The whole is greater than the sum of its parts. That, in a nutshell, is the concept of emergence which justifies the existence of macroeconomics as a field of study distinct from microeconomics.
Mainstream economics places great store on ‘microfoundations’, and new classical macroeconomics aims to do away with the macro side of things by assuming that the hyper-rational representative individual or agent is the basic building block of its models.
Complexity and systems theory has a lot to offer those who accept the need for microfoundations in economics, but in a way that macroeconomic objects emerge from them, and cannot be predicted from simply examining a single ‘representative’ micro agent.
If this is the correct way to proceed, then macro objects can be said to emerge from the interactions of micro agents. The latter can be different from one another, in form and behaviour, but still produce an emergent order which can be studied and used to further understanding and inform economic policy.

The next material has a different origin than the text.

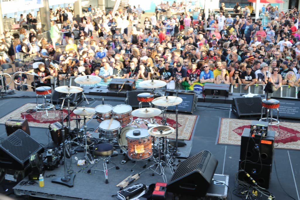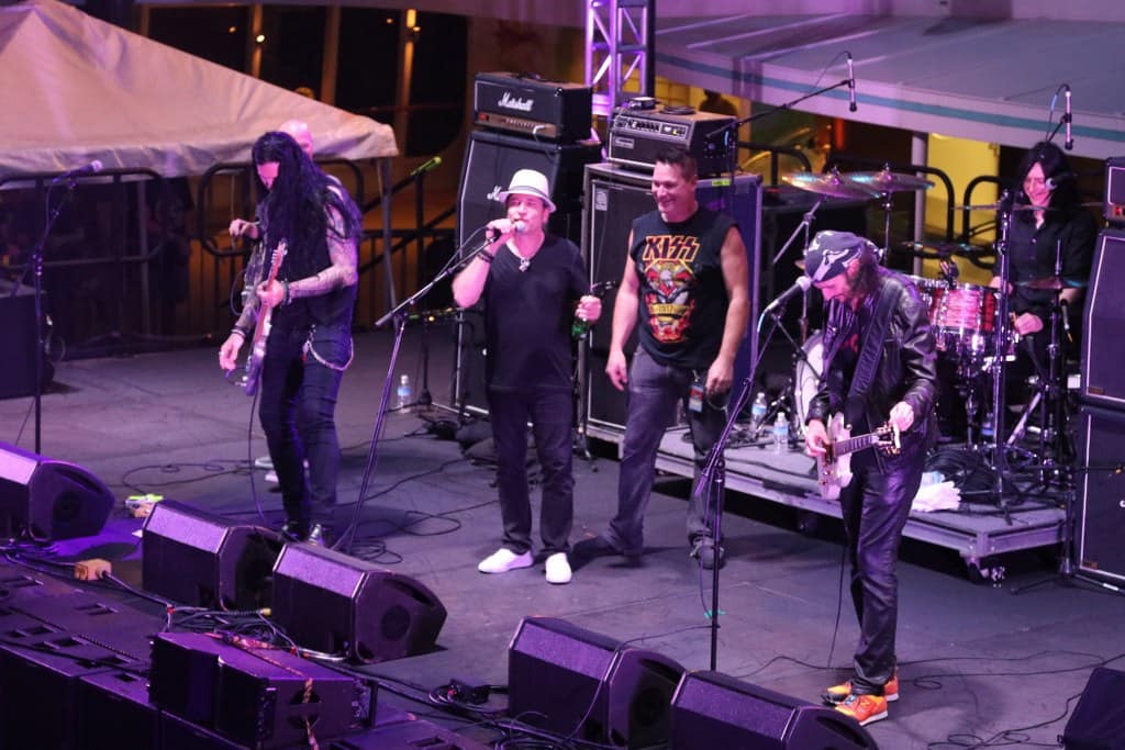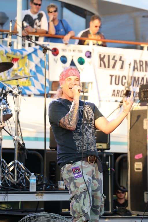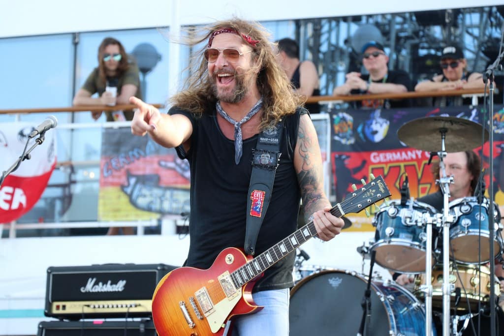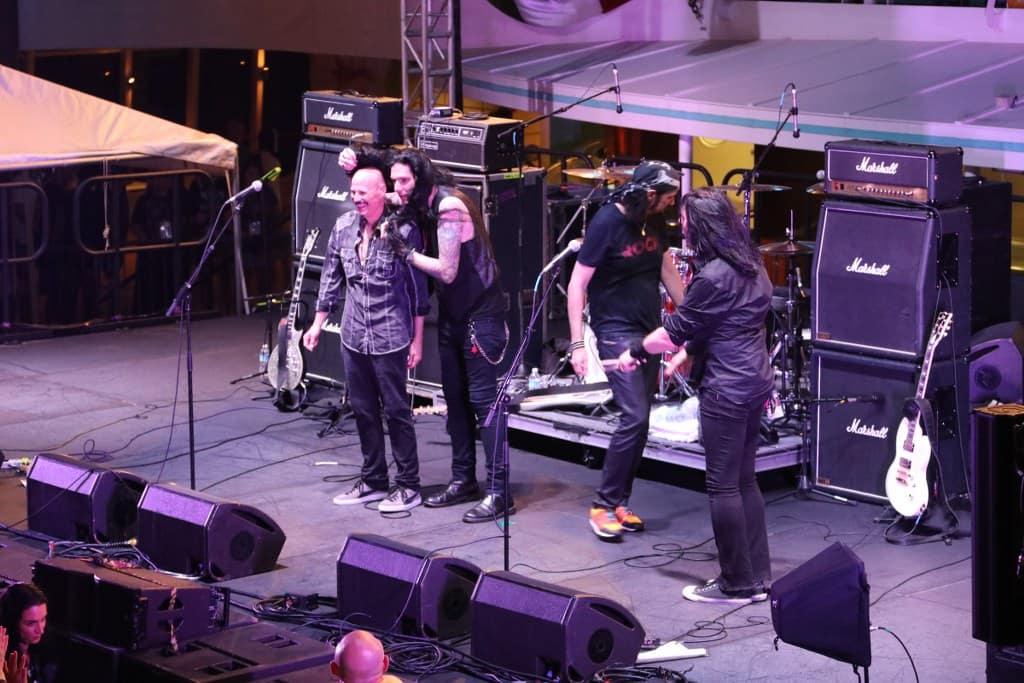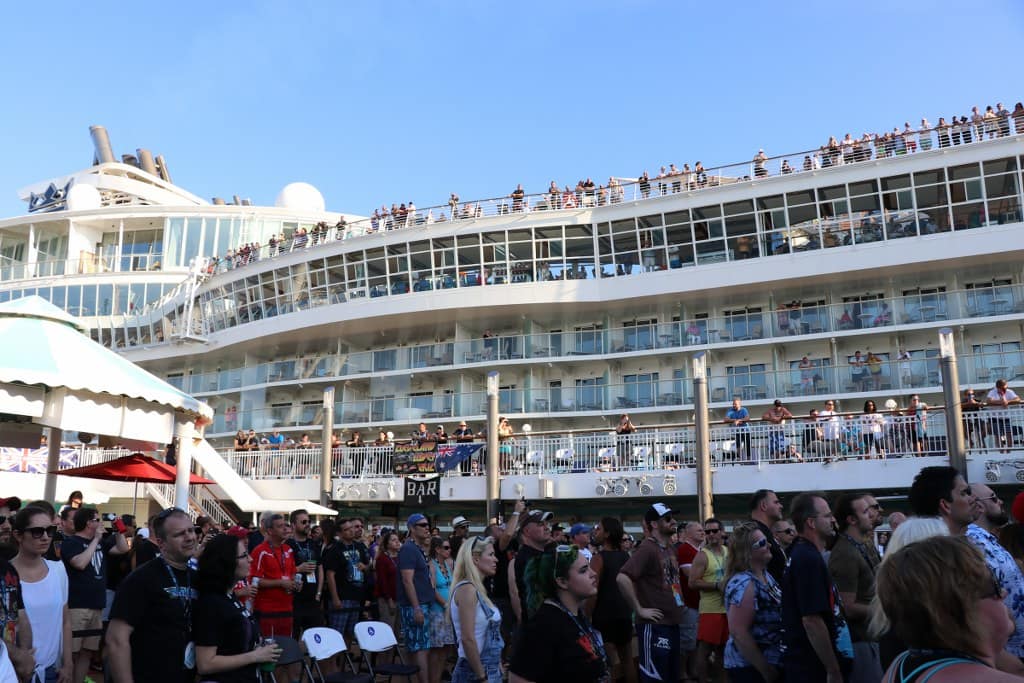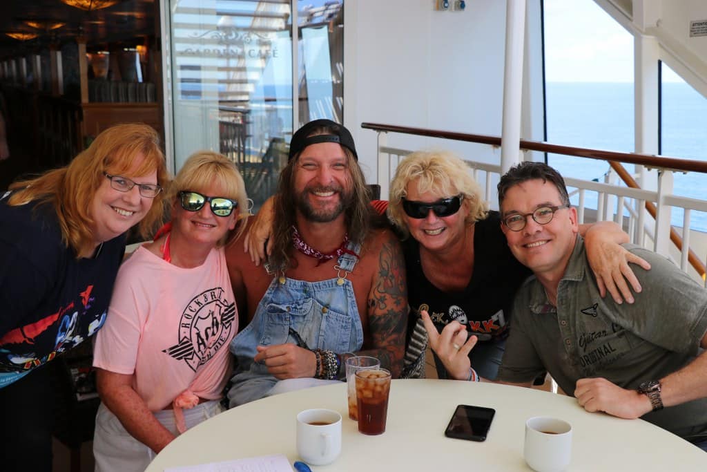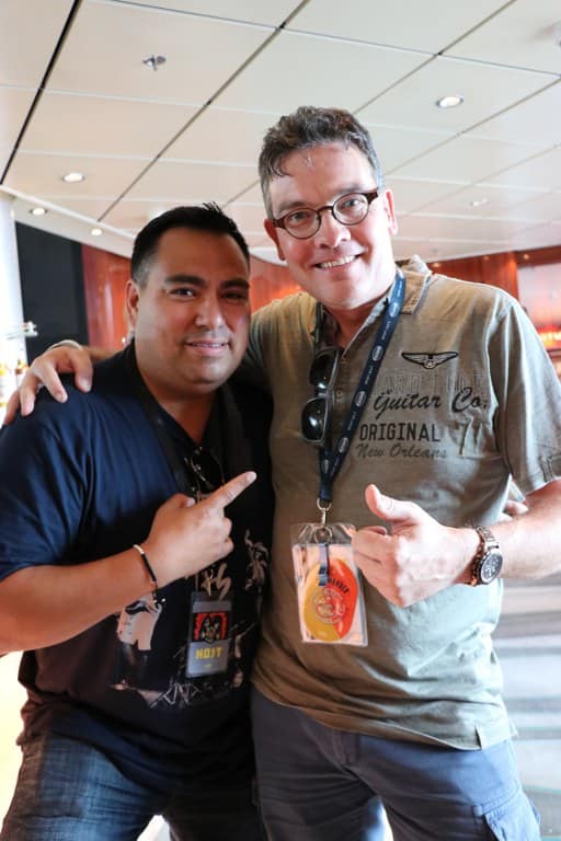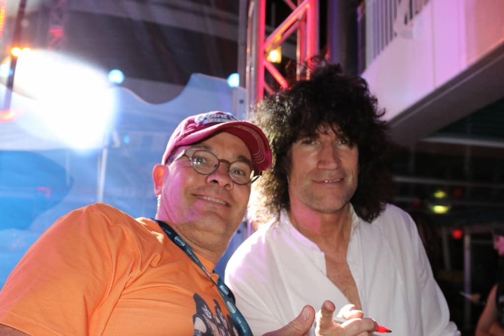 Yep, als de Oasis of the Seas langs the Pearl ligt, is de “onze” maar een bootje! Rond 16.30 uur zetten we weer koers richting New Orleans. Inmiddels heeft Extreme het podium betreden, dus we hebben extra publiek. De Oasis of the Seas komt kijken, die weten dus echt niet wat ze zien! Extreme zet een gave set en goed optreden neer. Deze band heeft even tussen de mottenballen gezeten maar staat weer als een huis. Snarenplukker Nuno Bettencourt is een meester en Gary Cherone heeft de tand des tijds zeker doorstaan. Top optreden met alle bekende Extreme klassiekers er in! Naderhand nog ff met de bezwete Gary op de foto!

As micro agents interact and produce coherent macro relations, structures and processes, the latter also act to shape micro-level behaviour. There is thus a two-way interaction between micro and macro, or a micro-macro dynamics.
This video, while not focusing exclusively on economics, covers what is an important part of the nature of the objects studied (ontology) in many strands of heterodox or non-mainstream economics. It touches, simplistically, on the difference between a pure free market and socialist economy, whether such things exist or not, but much of it is useful and is worth a view, keeping economics in mind.
In an economics employing a micro-macro dynamics, the micro agents might be individuals, classes, households or firms, while the macro structures and processes might be the national or international economy.